In turning to more modern interpretations we see a range of vampire models from the effete dandy to the asexual killing machine. While generally it can be said that vampires reflect (or ought to reflect) their human bodies in form only, there are so many examples to the contrary that the exception has perhaps become bigger than the rule. If it is accepted that vampires can potentially display some of their former human traits, then we can justify sexual predilections in either direction, but we cannot pigeon hole them into gayness. It is certainly clear that vampires are equally opportunity feeders, but must this extend to their sexual behaviour as well? It would be fallacious to assume so.
Perhaps more research is required into the classification and behaviour of the various vampire models before any clear generalizations can be made. I think based on the foregoing, the only tenable thesis is that vampires can be, but are not necessarily gay. Much depends on the portion of society they reflect. It would seem that the vampire is a tool of the moral conscience, a cautionary character that, no matter where or when he is incarnate, rails as a consequence of excess. We might call him the Victorian Hangover.
I turn to your points:
"1. Vampires, as a rule, must wear frilly shirts, form fitting vests and scandalously tight pants."
We often see the Victorian dandy vampire as the classic model, but is this an accurate description of him?

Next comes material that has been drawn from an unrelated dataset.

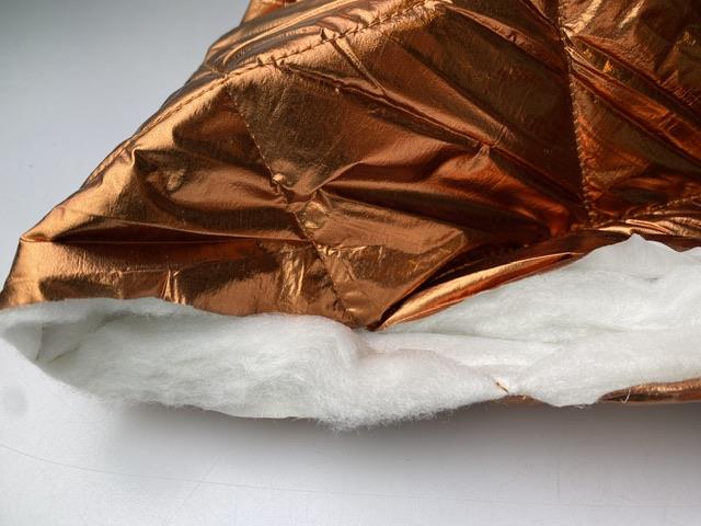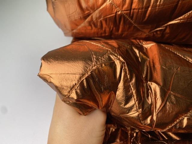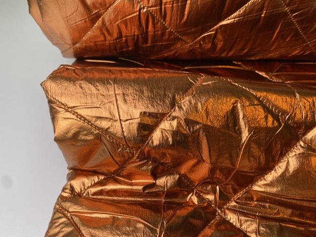 Dette quiltede stof med et metallisk look er lavet af 98% polyester og 2% polyurethan. Det er OEKO-TEX STANDARD 100-certificeret og lever op til høje krav til sikkerhed og bæredygtighed. Stoffet vejer 335 g/m² og er 137–140 cm bredt. Perfekt til en jakke!

If one looks at Gary Oldman’s Dracula he is quite rakish, but we cannot call him a fop. I must admit that vampires have a curious predilection toward tight fitting clothing, but then again so do professional wrestles, football players and cage fighters. We equally see squalid a dirty heroin junky vampires in modern depictions. A vampire’s attire must hark back to the excess to which he is directed.

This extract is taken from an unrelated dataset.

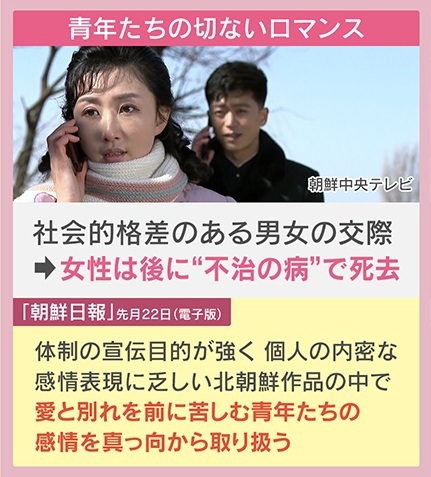 そんな中での“異例のドラマ”放送の理由について、2025年7月27日の『ウォール・ストリート・ジャーナル(電子版)』は、「脱北者によると『従来のプロパガンダ(政治宣伝)番組は現実離れして敬遠されている』ということで、ロマンス関連の演出を強化したのではないか」としています。

"2. Vampires spend their off hours enjoying fine wines, bacchanalian feasts and parties of which only the most fanciful in our population could enjoy. Vampires, however, attend these soirees frequently."
This again depends on the Victorian archetype. This is the situation in which the vampire was conceived, but it has far outgrown these aristocratic beginnings.
I of course agree with the first principle, but the second is logically unsound and assumes a false premise. We must distinguish between feeding and sexual preferences. If I have not have a preference between broccoli and cauliflour, it does not mean I want to do it with either one of them.
As you will gather from above, I view the difference as functional rather than semantic, and give it proper weight. While I am forced to agree that lips-on-neck is a singularly gay action, we must in this instance again compare it to lips-on-broccoli. I would comment that other activities bring males faces quite close – boxing, wrestling, drunken-head butting – are we to view these activities with suspicion as well?
I am hard pressed to disagree, and must concede this point.
I would close simply with the point that nicely groomed eyebrows aside, Angel was primarily concerned with getting it on with Buffy.
H.L.
PS - lycanthropes are way more gay than vamps. Just look at that word: Lycanthrope. Totally gay, dude.